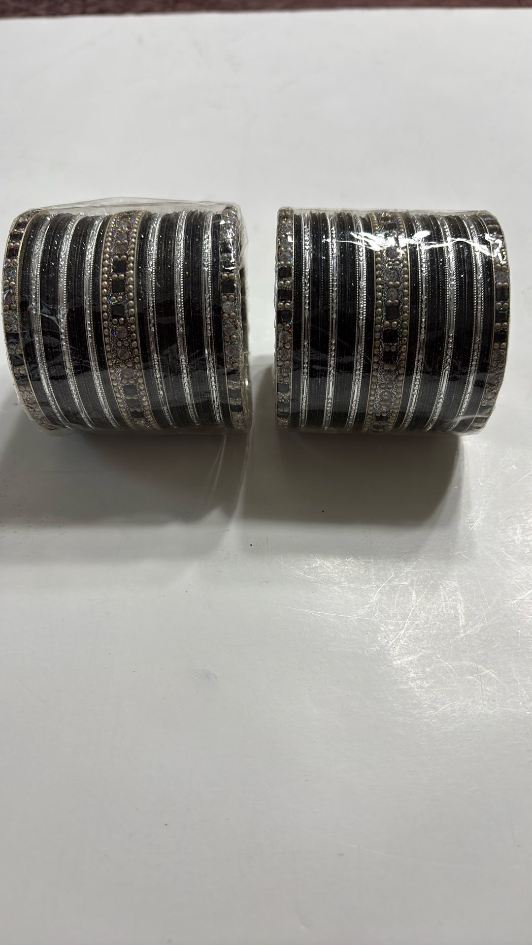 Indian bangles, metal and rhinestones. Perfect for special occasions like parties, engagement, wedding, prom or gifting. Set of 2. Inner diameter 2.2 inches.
--
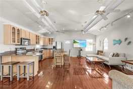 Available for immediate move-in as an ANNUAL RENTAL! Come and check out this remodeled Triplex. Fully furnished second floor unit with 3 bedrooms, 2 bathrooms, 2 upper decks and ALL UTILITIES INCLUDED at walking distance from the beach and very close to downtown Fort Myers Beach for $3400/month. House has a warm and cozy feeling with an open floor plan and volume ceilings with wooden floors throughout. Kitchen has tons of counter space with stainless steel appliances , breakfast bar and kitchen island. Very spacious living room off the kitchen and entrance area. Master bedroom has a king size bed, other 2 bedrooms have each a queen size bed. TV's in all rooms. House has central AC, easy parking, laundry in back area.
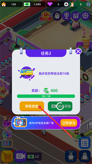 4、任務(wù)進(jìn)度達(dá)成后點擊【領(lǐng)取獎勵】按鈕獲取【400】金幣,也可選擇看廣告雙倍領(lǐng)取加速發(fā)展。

» **PROBLEM REQUIREMENTS**
From the line with "Available for immediate" up to and including the line with "4、任務(wù)進(jìn)" above, retype every line exactly and nothing more; leave out the pictures.

» **OUTPUT OF THE EXERCISE**
 Available for immediate move-in as an ANNUAL RENTAL! Come and check out this remodeled Triplex. Fully furnished second floor unit with 3 bedrooms, 2 bathrooms, 2 upper decks and ALL UTILITIES INCLUDED at walking distance from the beach and very close to downtown Fort Myers Beach for $3400/month. House has a warm and cozy feeling with an open floor plan and volume ceilings with wooden floors throughout. Kitchen has tons of counter space with stainless steel appliances , breakfast bar and kitchen island. Very spacious living room off the kitchen and entrance area. Master bedroom has a king size bed, other 2 bedrooms have each a queen size bed. TV's in all rooms. House has central AC, easy parking, laundry in back area.
 4、任務(wù)進(jìn)度達(dá)成后點擊【領(lǐng)取獎勵】按鈕獲取【400】金幣,也可選擇看廣告雙倍領(lǐng)取加速發(fā)展。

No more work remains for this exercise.